[Opening INFORMATION SHOWN section]

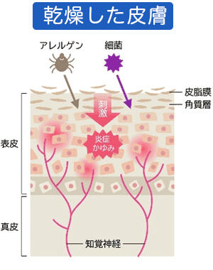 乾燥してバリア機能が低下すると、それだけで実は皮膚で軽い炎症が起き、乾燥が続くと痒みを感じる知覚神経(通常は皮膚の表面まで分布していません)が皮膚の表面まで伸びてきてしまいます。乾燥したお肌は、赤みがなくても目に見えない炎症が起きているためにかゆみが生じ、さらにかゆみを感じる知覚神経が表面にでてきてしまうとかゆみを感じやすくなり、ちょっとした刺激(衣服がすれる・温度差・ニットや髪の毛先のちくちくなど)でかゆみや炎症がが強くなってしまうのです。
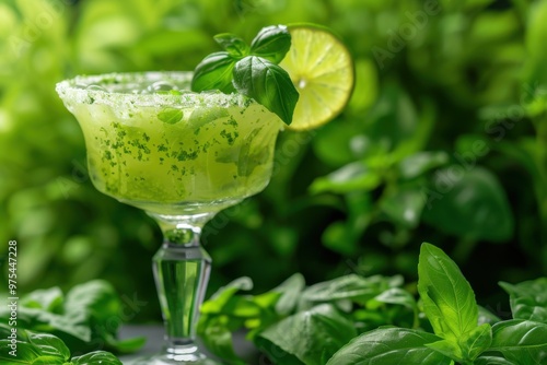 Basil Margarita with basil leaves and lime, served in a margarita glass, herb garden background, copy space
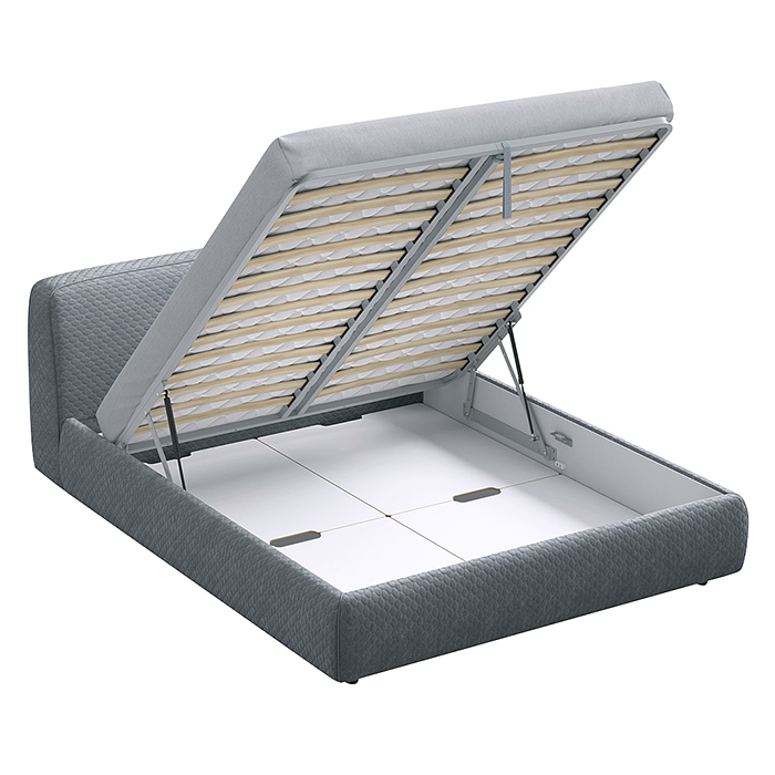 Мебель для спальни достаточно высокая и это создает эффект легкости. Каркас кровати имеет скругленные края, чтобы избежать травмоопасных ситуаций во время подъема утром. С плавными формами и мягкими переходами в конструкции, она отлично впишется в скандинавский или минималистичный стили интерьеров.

[Closing INFORMATION SHOWN section]

▶ TASK
Copy each line above exactly. Images do not belong in the copy.

▶ COMPLETED TASK
 乾燥してバリア機能が低下すると、それだけで実は皮膚で軽い炎症が起き、乾燥が続くと痒みを感じる知覚神経(通常は皮膚の表面まで分布していません)が皮膚の表面まで伸びてきてしまいます。乾燥したお肌は、赤みがなくても目に見えない炎症が起きているためにかゆみが生じ、さらにかゆみを感じる知覚神経が表面にでてきてしまうとかゆみを感じやすくなり、ちょっとした刺激(衣服がすれる・温度差・ニットや髪の毛先のちくちくなど)でかゆみや炎症がが強くなってしまうのです。
 Basil Margarita with basil leaves and lime, served in a margarita glass, herb garden background, copy space
 Мебель для спальни достаточно высокая и это создает эффект легкости. Каркас кровати имеет скругленные края, чтобы избежать травмоопасных ситуаций во время подъема утром. С плавными формами и мягкими переходами в конструкции, она отлично впишется в скандинавский или минималистичный стили интерьеров.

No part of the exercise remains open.